### GOAL OF THE EXERCISE
Give back exactly the lines from the beginning of the listing below to the line holding "Πάμε στην Αγγλία", both ends included; the pictures stay out.
- - -
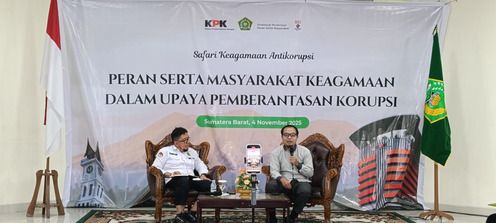 PADANG, hantaran.Co– Komisi Pemberantasan Korupsi (KPK) Republik Indonesia bersama Kantor Wilayah Kementerian Agama Sumatera Barat (Sumbar) menggelar workshop Safari Keagamaan Antikorupsi dengan tema Peran Serta Masyarakat Keagamaan dalam Pemberantasan Korupsi di Aula Kanwil Kemenag Sumbar, Selasa (4/11/2025).
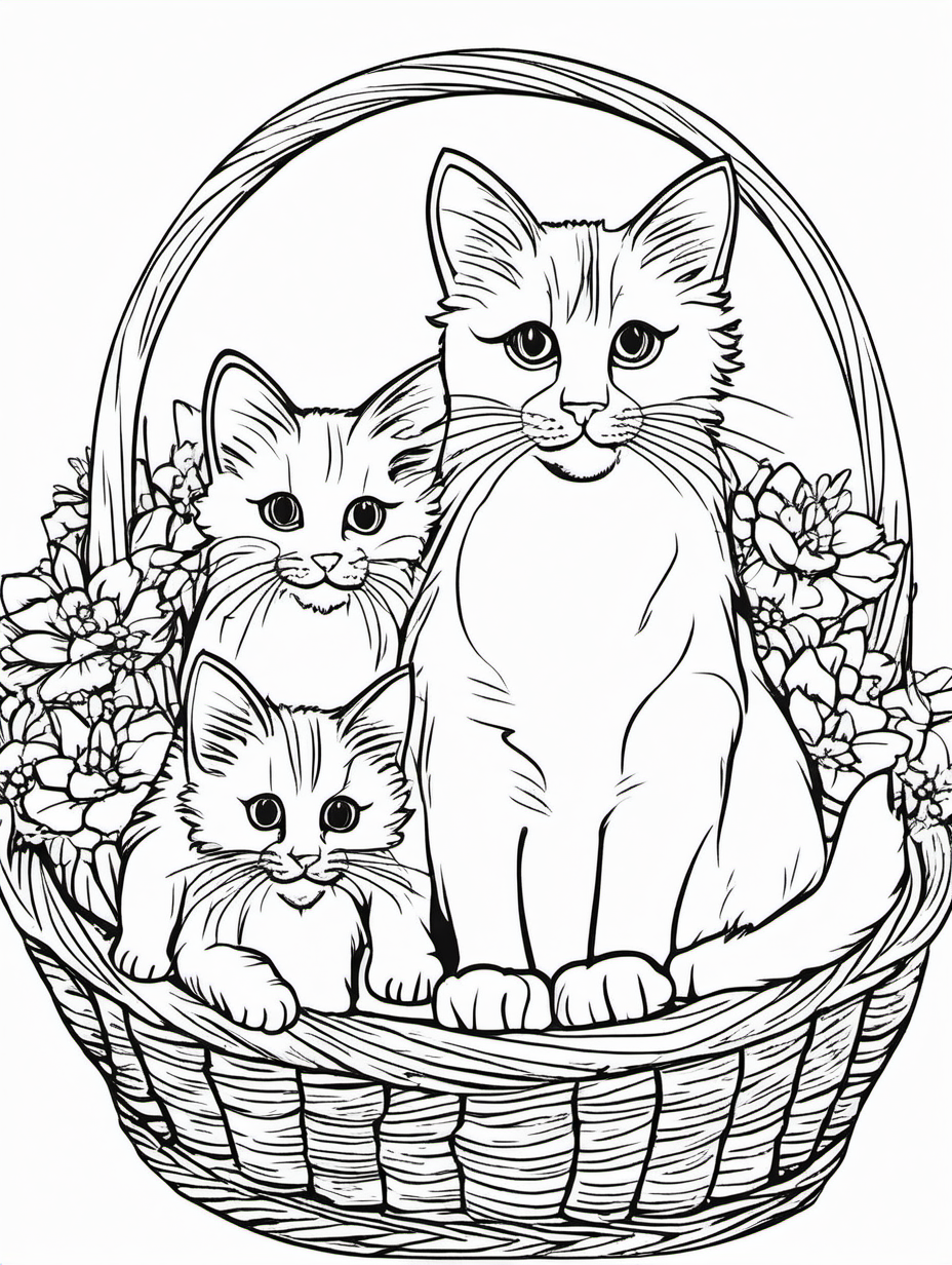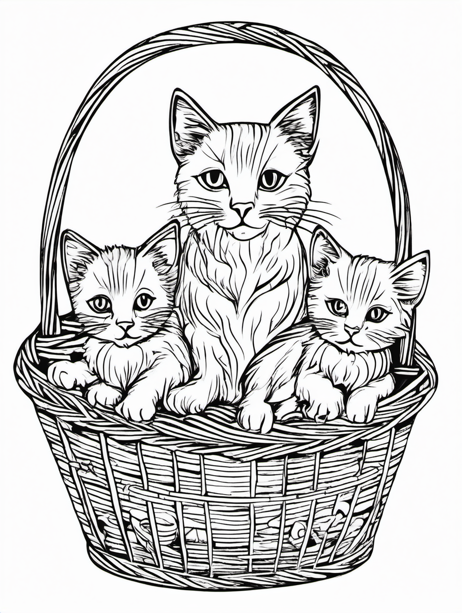 Mother Cat with Kittens in a Basket to Color2
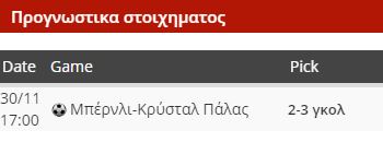 Πάμε στην Αγγλία για τον αγώνα Μπέρνλι-Κρύσταλ Πάλας, όσοι είστε πιστοί αναγνώστες της στήλης θα καταλάβατε ότι και αυτό το Σάββατο είναι Σάββατο της… Μπέρνλι. Η αγαπημένη ομάδα της στήλης, μιας και έχει τη συνήθεια να φέρνει τα 2-3 γκολ, μας είχε δικαιώσει και το προηγούμενο Σάββατο, κερδίζοντας 3-0 τη Γουότφορντ. Το 3-0 είναι το σκορ των τριών τελευταίων αγώνων της (μία ήττα, δύο σερί νίκες), έχει φέρει τα 2-3 γκολ στα τρία από τα 4 τελευταία παιχνίδια της.
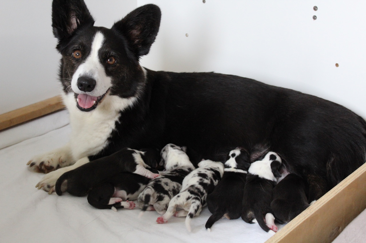 Zu Ostern hat in der Zuchtstätte "Sheep Crook" von Dr. Ann-Ly Peissner in Schorndorf die dänische Hündin "Faarup Linett" sechs hübsche und gesunde Welpen in rot und tricolour bekommen von Dr. Hanna Kobers "Ch. Joy Transfer Ingram". |
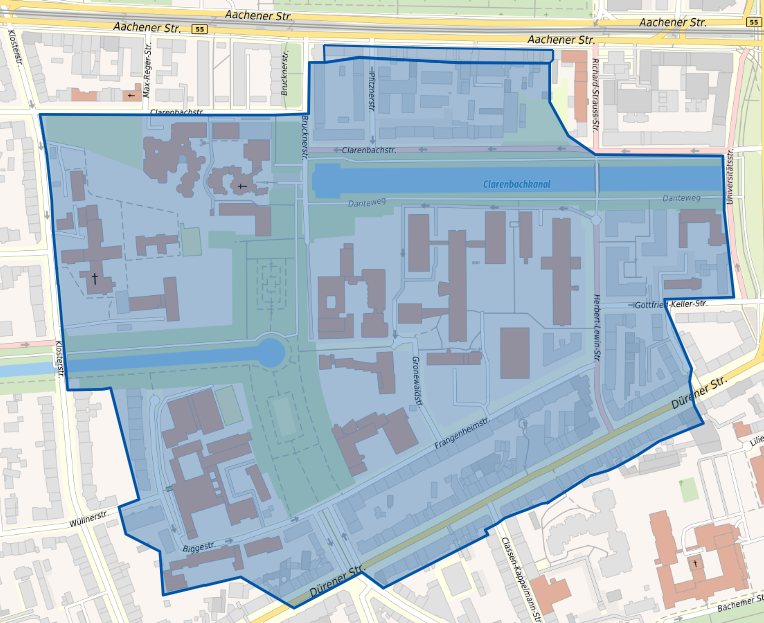 +++ 13:15: Diese Straßen werden jetzt gesperrt: Richard-Strauss-Straße ab Clarenbachstraße, Clarenbachstraße Ecke Universitätsstraße, Gottfried-Keller-Straße Höhe Hausnummer 6 Richtung Universitätsstraße, Dürener Straße zwischen den Hausnummern 56 und 132, Wüllnerstraße ab Hausnummer 3 Richtung Osten, Rautenstrauch- und Clarenbachkanal mit den zugehörigen Grünflächen und Wegen zwischen Kloster- und Universitätsstraße, Brucknerstraße ab Clarenbachstraße, Pfitznerstraße ab den Hausnummern 1 und 2a.
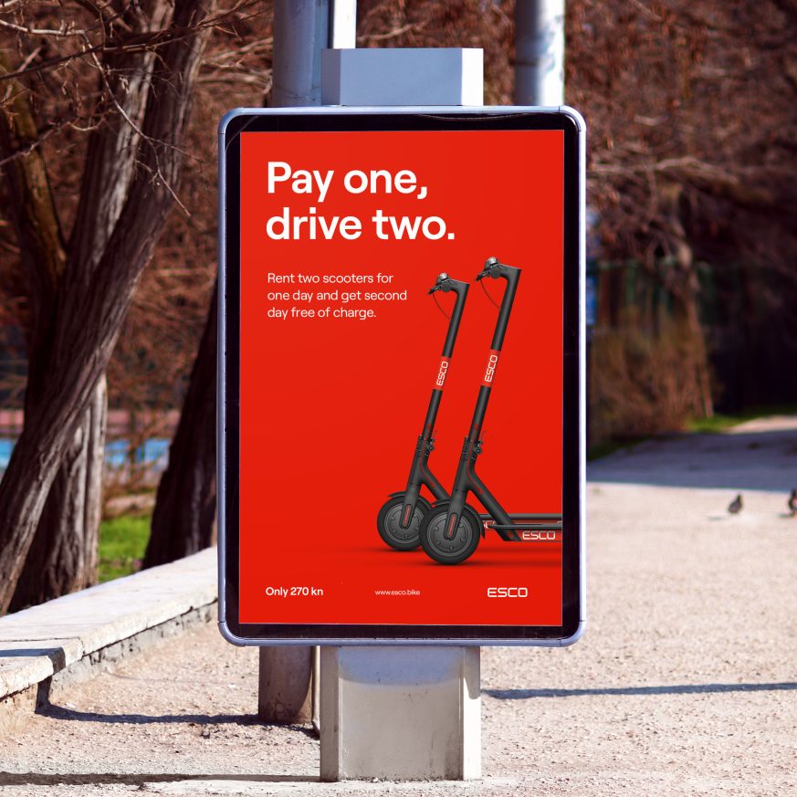 Studio Size created the ESCO brand, an affordable and eco-friendly way to explore cities. ESCO specializes in renting electric scooters and organizing city tours, providing a sustainable option for urban mobility. The brand name and design were tailored to appeal to both tourists and potential business partners, projecting an image of a trustworthy global entity. The project encompassed naming, design guidelines, web design, motion design, and a variety of print and digital assets. ESCO’s visual identity emphasizes modernity and reliability and incorporates vibrant colors and dynamic visuals to capture the energy and excitement of urban exploration. Additionally, user-friendly interfaces and engaging content are designed to enhance the customer experience.
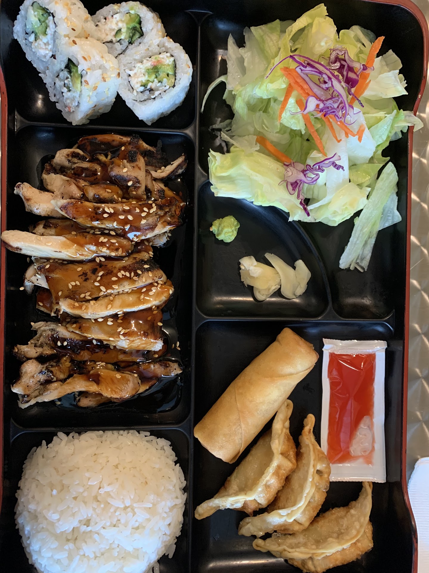 We get the Edamame and it really is the biggest plate I've seen in a Japanese place, but recently we've been to places that excelled at this humble snack. They scattered rough salt freely and these tasted like they needed a bit more taste. Not bad, just not special. My wife gets MIso, which she likes and I get a Chicken Bento. The Gyoza are a disappointment as is the spring roll. Absolutely nothing of interest here. Maybe I'm wrong, but they do not taste remotely home made. The chicken teriyaki has a good strong char, but the sauce lacks any character, no one here is cooking with joy or creativity. My wife gets the Panko Shrimp and they look suspiciously like the ones from Cash and Carry. Along with a packet of standard sweet sauce. No one here is trying.
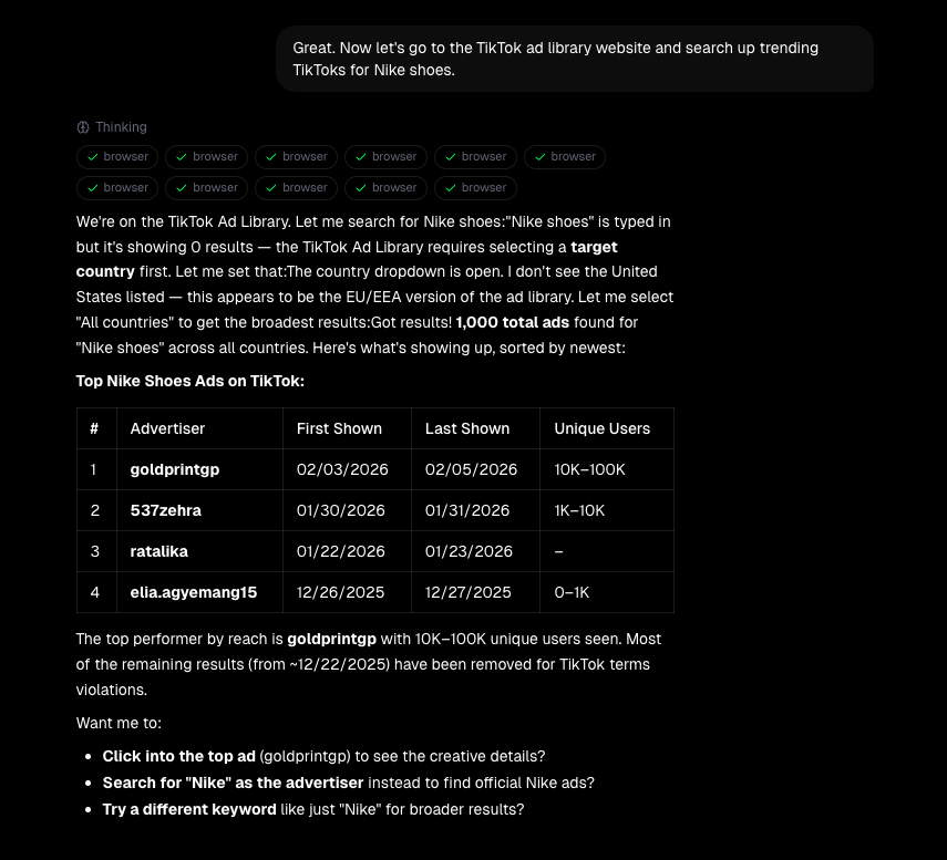 Some things are just easier to do in a browser. Ad libraries, CMS dashboards, analytics platforms — not everything has an API.
- - -
### SOLUTION FOR THIS TASK
 PADANG, hantaran.Co– Komisi Pemberantasan Korupsi (KPK) Republik Indonesia bersama Kantor Wilayah Kementerian Agama Sumatera Barat (Sumbar) menggelar workshop Safari Keagamaan Antikorupsi dengan tema Peran Serta Masyarakat Keagamaan dalam Pemberantasan Korupsi di Aula Kanwil Kemenag Sumbar, Selasa (4/11/2025).
 Mother Cat with Kittens in a Basket to Color2
 Πάμε στην Αγγλία για τον αγώνα Μπέρνλι-Κρύσταλ Πάλας, όσοι είστε πιστοί αναγνώστες της στήλης θα καταλάβατε ότι και αυτό το Σάββατο είναι Σάββατο της… Μπέρνλι. Η αγαπημένη ομάδα της στήλης, μιας και έχει τη συνήθεια να φέρνει τα 2-3 γκολ, μας είχε δικαιώσει και το προηγούμενο Σάββατο, κερδίζοντας 3-0 τη Γουότφορντ. Το 3-0 είναι το σκορ των τριών τελευταίων αγώνων της (μία ήττα, δύο σερί νίκες), έχει φέρει τα 2-3 γκολ στα τρία από τα 4 τελευταία παιχνίδια της.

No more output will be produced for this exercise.